Putting your phone in a little cloth bag at the door is funny. Also smart. Like taking candy away from a toddler before dinner.
NYU ran a long-table, phone-free dinner. Cold night. Cobblestones. Blankets and handwarmers. And somehow, 200 strangers managed to talk. Philosophy. AI. Shanghai. The radical act of making eye contact.
I’m into it. I’m also allergic to the simple story: screens bad, humans good. The screen is just glass. The problem is the addictive, extractive business model living inside it. The part engineered to hijack your reward system, sell your attention, and keep you scrolling like it’s your job.
So yes, make phone-free spaces. Create little sanctuaries for conversation and silence. But don’t pretend a ban is the same as wisdom. If the only lesson is “don’t touch,” we skip the part where people learn how to touch the thing without getting burned.
I’m the guy who sucks about screen time. I get the urge to forgo the algos. I wrote this on an a boox tab x e-ink device because I am so suceptible to the colors and the flashes I had to go for ultra low refresh rates and monochrome. I couldn’t be happier, by the way, playing in my digital garden. It’s so easy to forget there are people who AREN’T consumed at all times by their little devices.

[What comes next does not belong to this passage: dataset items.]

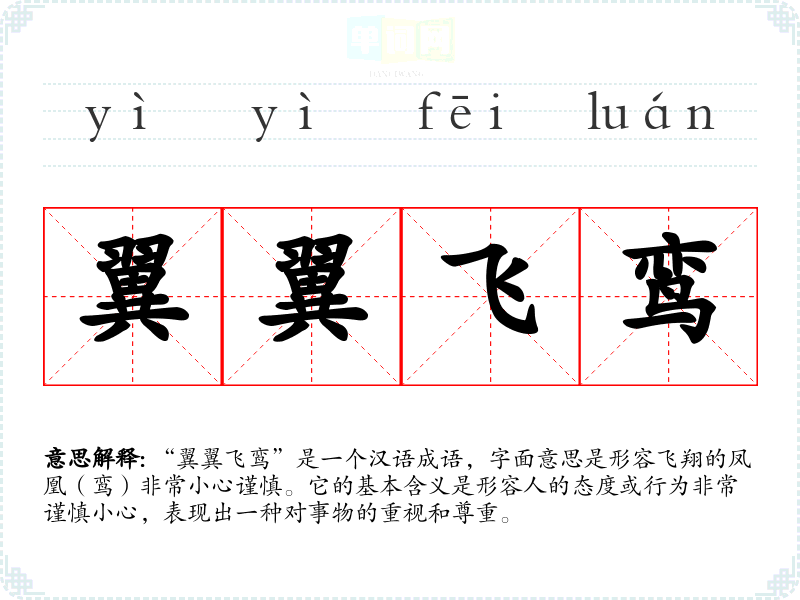在传统文化中,谨慎被视为一种美德,尤其是在处理人际关系和重大决策时。“翼翼飞鸾”反映了古代文人对细致入微的追求,而在现代社会,尤其是在商业和职场中,谨慎依然是成功的重要因素。因此,该成语在现代仍然具有很强的适用性。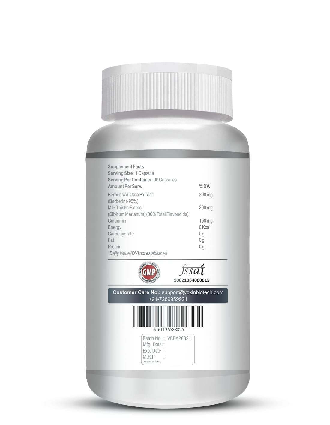 Vokin Biotech Berberis Berberine 95% with Milk Thistle Vegetable Capsules 90 Count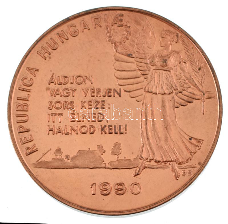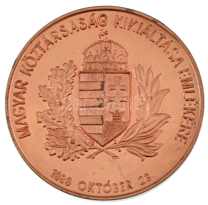 Bajnok Béla (1937-2020) / Szabó Géza (1939-) 1990. "Magyar Köztársaság kikiáltása emlékére 1989. október 23. / Republica Hungariae" kétoldalas bronz emlékérem kapszulában (42,5mm) T:AU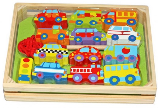 Шнуровка "Транспорт" представляет собой замечательный набор деревянных фигурок, выполненных в виде разноцветных машинок и светофора. Шнуровка отлично подойдет не только для шнурования, но и для тематических игр. Крупные бусины могут легко курсировать по игрушечному городу, а затем нанизываться на шнурок, и образовывать настоящую "улицу" с интенсивным движением. На шнурке предусмотрена специальная безопасная деревянная игла, которая облегчает процесс надевания бусины. Все детали изготовлены из экологически чистой древесины и абсолютно безопасны для детей. Яркий цвет и приятный на ощупь материал обязательно заинтересуют вашего малыша и привлекут его к игре.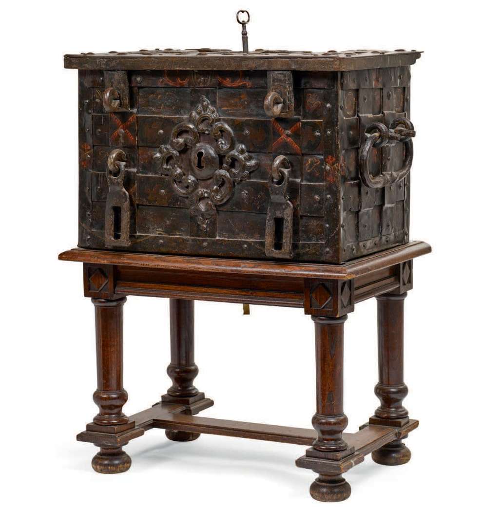 rectangulaire en tôle de fer et fer forgé. Serrure forte à cinq pênes sous une platine finement gravée. Rangement intérieur renforcé à une clef. Poignées latérales. Décor peint.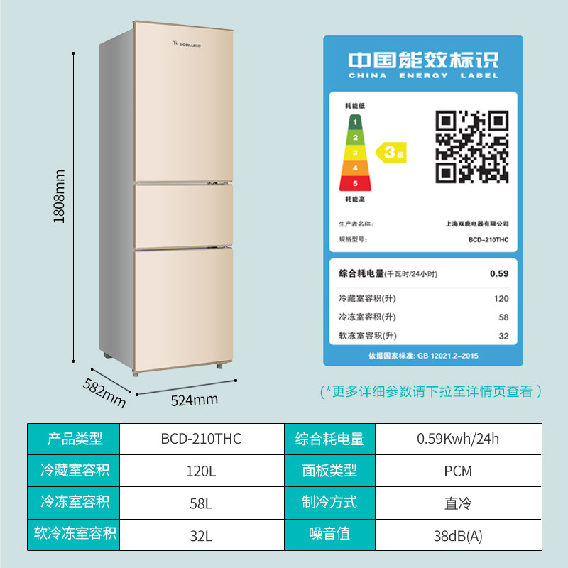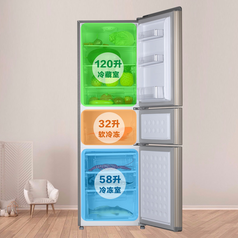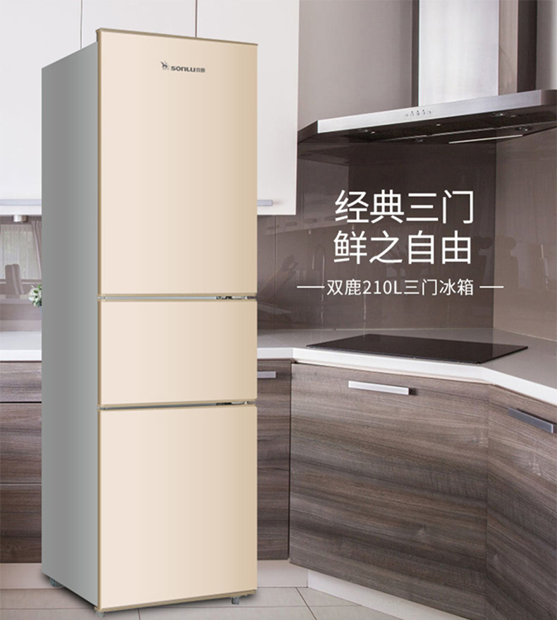 Shuanglu 210 Liter Refrigerator Three Door BCD-210THC Home Energy Saving Low Noise Direct Cold Rental Dormitory Large Capacity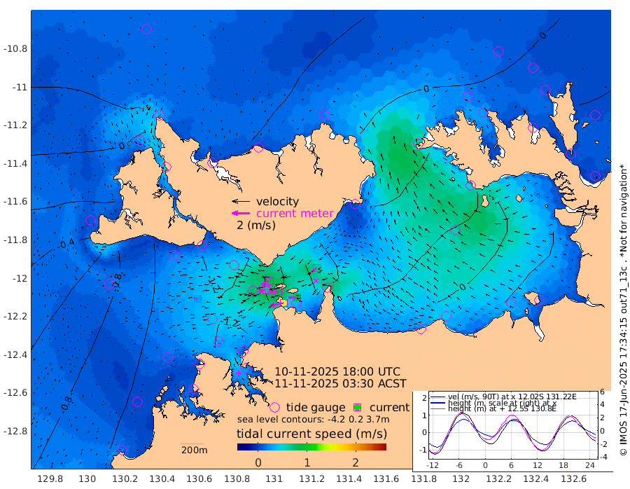 155cm/s -101T +4cm/s rms + 6cm/s 51T. Darwin_C1 52m 96cm/s -90T +4cm/s rms + 7cm/s -161T. Darwin_CW1 22m 69cm/s -107T +4cm/s rms + 8cm/s 61T. Darwin_CW2 34m 63cm/s -132T +3cm/s rms + 9cm/s 98T. Darwin_CW3 22m 90cm/s -91T +5cm/s rms + 7cm/s 88T. Darwin_C3 56m 88cm/s -115T +2cm/s rms + 9cm/s -126T. Darwin_CTbW 22m 28cm/s -93T +1cm/s rms + 1cm/s -47T. DARBGF 30m 26cm/s -75T +4cm/s rms + 3cm/s 80T. NRSDAR 19m 44cm Goodrich Bank -71cm Point Jenny -69cm Native Point -87cm Fish Reef -89cm Tapa Bay -14cm Point Fawcett (Offshore) -94cm Burge Point -102cm Munkunuwa -52cm Beagle A -114cm Parsons Bank -90cm Fenton Patches -104cm Hancox Shoal Area -102cm Nightcliff -112cm Darwin -88cm Charles Point Patches -68cm Glyde Point -36cm Chambers Bay -40cm Point Stuart -57cm Cape Hotham -29cm Christine Reef -44cm West Alligator Head -22cm East Field Island -40cm Two Hills Bay -20cm Camp Point -90cm Medina Inlet South -11cm South Barlow Point 14cm St. Asaph Bay 39cm Cape Van Dieman 33cm Snake Bay 38cm Cache Point 20cm Point Jahleel (Off) -11cm Cape Don 9cm Port Essington 3cm Smith Point - West 7cm NW Peacock Island 26cm North Of Jones Shoal 7cm Peacock Island -12cm Point David -2cm D'urville Point -17cm Copeland Island -7cm One Tree Point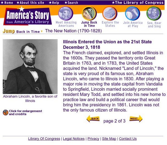 The historical account of how Illinois became a state, some of its prominent citizens, and great photographs can be found at this site.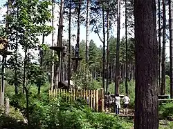 Other activities include horse riding, jogging, orienteering, bird watching and nature study.[20][44] Britain's largest Go Ape facility opened in Delamere Forest in 2006; it includes numerous zip wires, Tarzan swings, tightropes and nets high in the treetops.[26][45] Delamere Forest is the venue for the northern Hellrunner cross-country race, and the Sandstone Trail Race finishes in the forest.[46][47] A parkrun takes place weekly on Saturdays; the course is one loop of Blakemere Moss on the forest's trails.[48]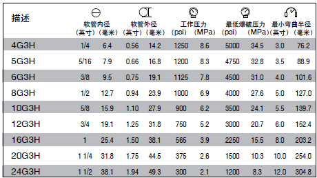 溫度范圍:恒壓液壓油管為-40°F到+275°F (-40°C到+135°C),間歇為+300°F(+149°C) (可達運行時間的10%)。
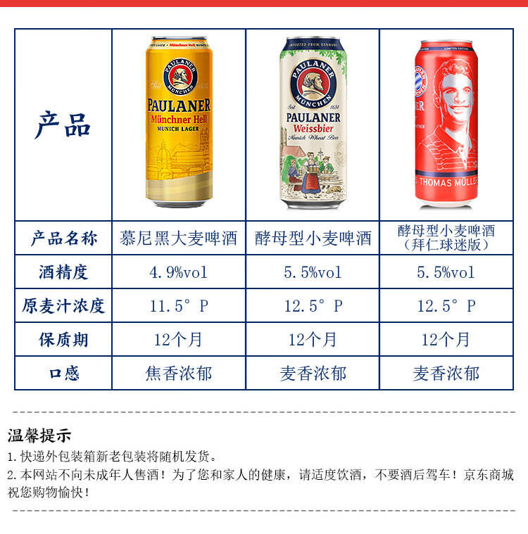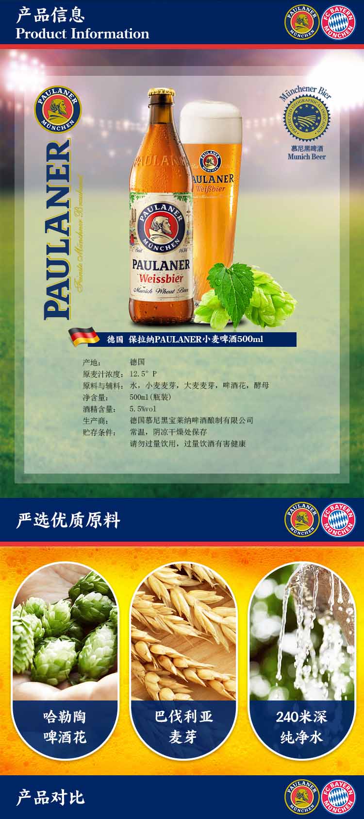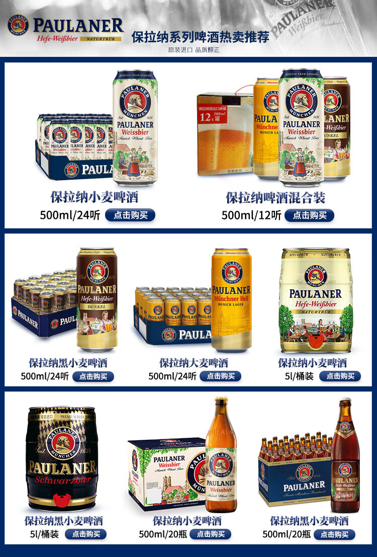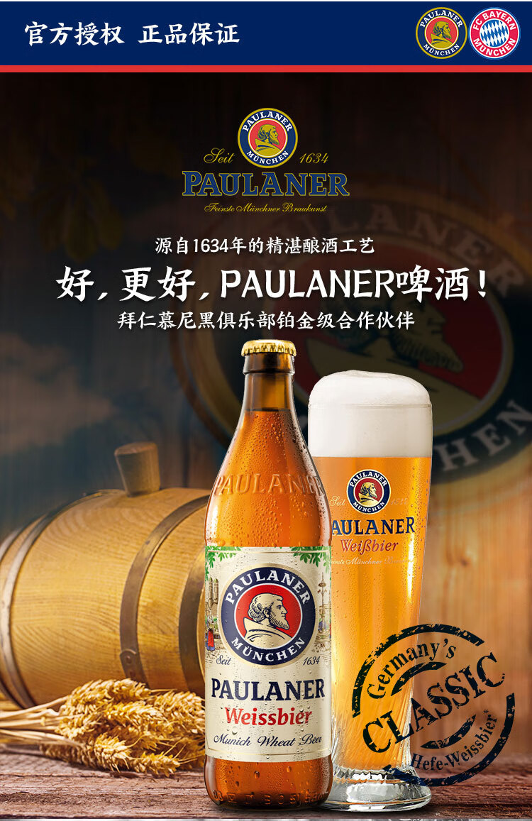 国产/进口:进口;产地:德国;适用场景:礼节拜访,家庭聚会,自斟自饮,情侣约会,烧烤撸串,派对必备,酒吧夜店;包装:瓶装;容量:500mL;类别:黄啤酒;原料:水、麦芽、啤酒花;系列:小麦;保质期:365天;酒精度:5.5%vol;原产地:德国;原麦汁浓度:12.5°P;存储方法:常温避光保存;产品重量:16.13kg;容量:500ml;包装清单:保拉纳/柏龙(PAULANER)小麦啤酒500ml*20瓶装 整箱装 德国进口*1;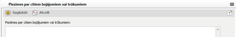 Lai pievienotu piezīmes, esības un fiziskā stāvokļa pārbaudes loga šķirkļa ‘Dati par pārbaudi’ blokā ‘Piezīmes par citiem bojājumiem vai trūkumiem’ noklikšķiniet uz [Labot].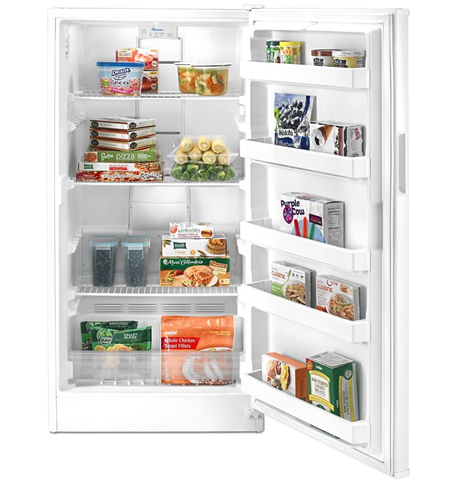 This 16 cu. ft. Amana® Upright Freezer comes with Energy-Saving Insulation, which helps lower the global warming potential of your freezer by 99.9%. You can also chill large amounts of foo by using the Fast Freeze Option, which can cool down the entire freezer.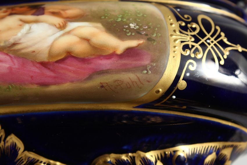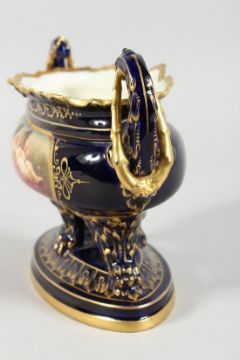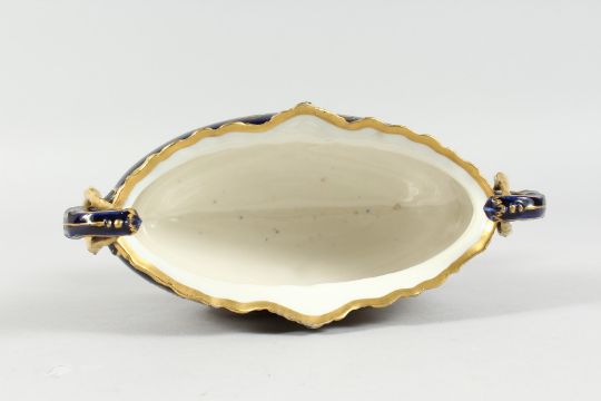 A 19TH CENTURY VIENNA PORCELAIN OVAL JARDINIERE, rich blue ground, edged in gilt and painted with ovals of cupids, mark in blue.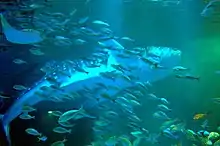 In 2010, captivity whale sharks in the panoramic fish tank of the new facility "Blue World" is started and aquariums have captivity to this day.[1][4] also captivity large pelagic fish such as bluefin tuna. In the winter season after 2013, aquariums installed multiple kotatsu in front of the fish tank of "Blue World" and adopted a system to observe fish while warming the body.[5]
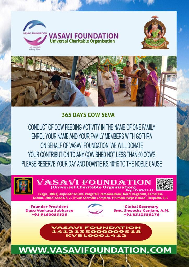 Vasavi Foundation is going to conduct 365 Days Cow Feed Event. Anybody interested to donate Cow Feed and Pooja in their family names and gotras donate Rs. 10,116.00 and reserve a day to feed nearly 100 cows.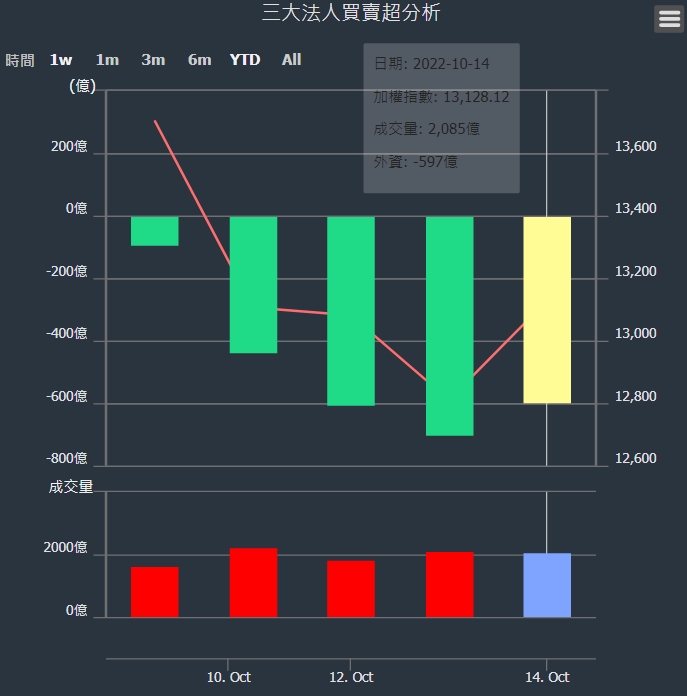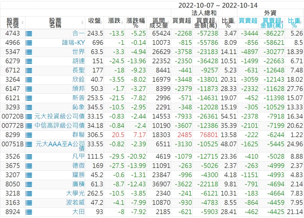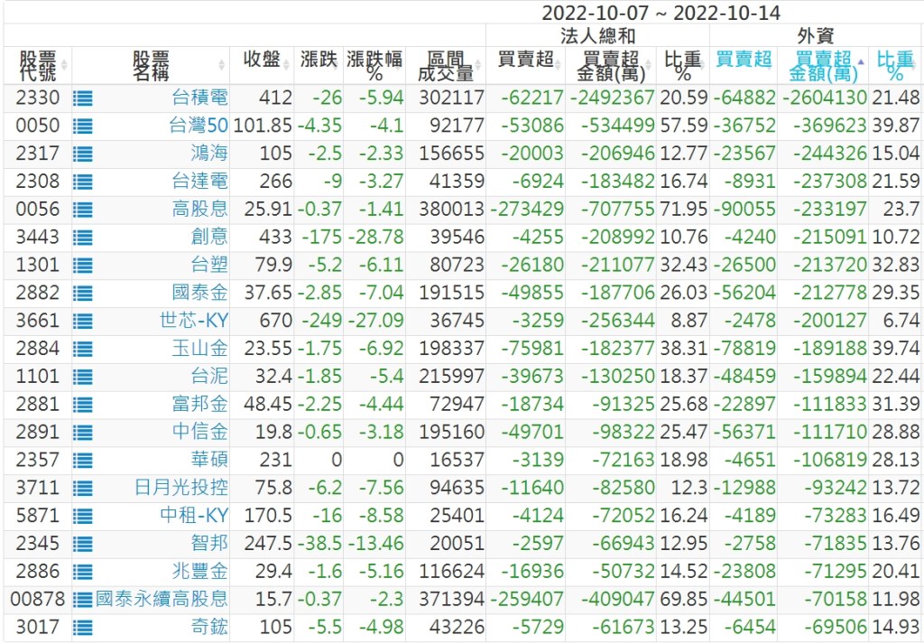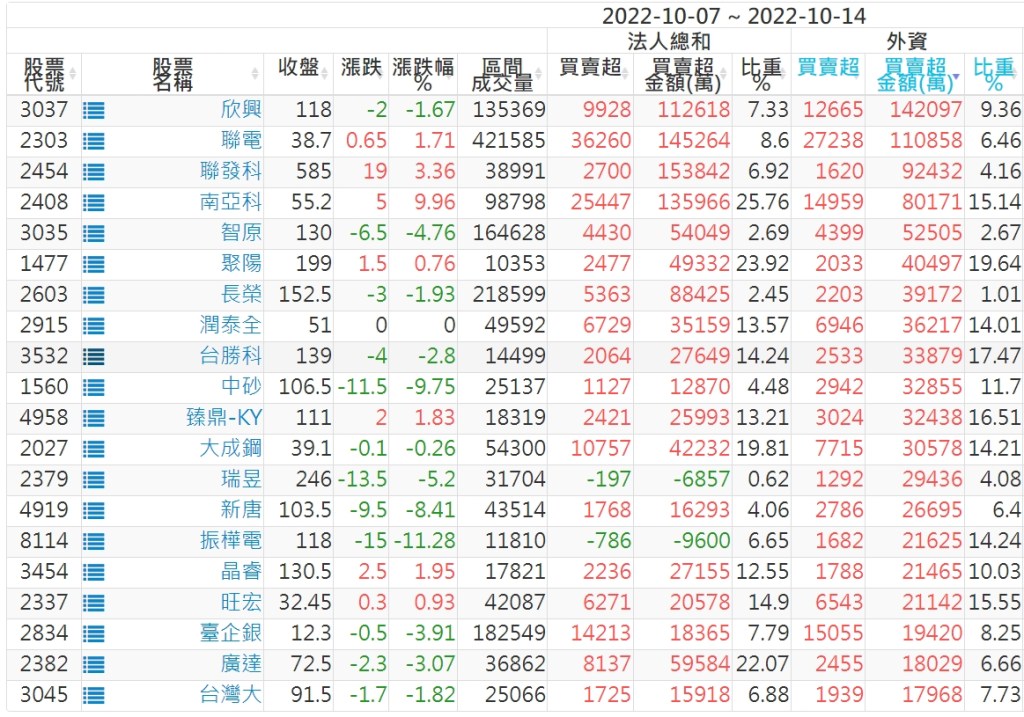 2022/10/07~2022/10/14近5日【外資】買賣超個股 2022-10-16 股狗網小編 投資誌-大盤 發表留言 投資達人APP上線囉!!!『安裝APP』: 外資本周累積【賣超】約597億元。 【上市外資買超個股】(以金額排行,單位:萬) 【上市外資賣超個股】(以金額排行,單位:萬) 【上櫃外資買超個股】(以金額排行,單位:萬) 【上櫃外資賣超個股】(以金額排行,單位:萬) 免責宣言 本網站文章所提供資訊僅供參考,並無任何推介買賣之意,投資人應自行承擔交易風險。 分享此文: 按一下即可分享至 X(在新視窗中開啟) X 按一下以分享至 Facebook(在新視窗中開啟) Facebook 喜歡 正在載入...

Yoga doesn’t make me into a person who isn’t suceptable to the wiles of addictive media. It’s a pro-awareness that gives me a heads up when cooler heads don’t seem like they’re going to preail. So, yeah, by all means, bag the phone for an hour. Then unbag your brain. Ask: who profits from my distraction? And how do I practice attention—on the mat, at the table, and in my pocket?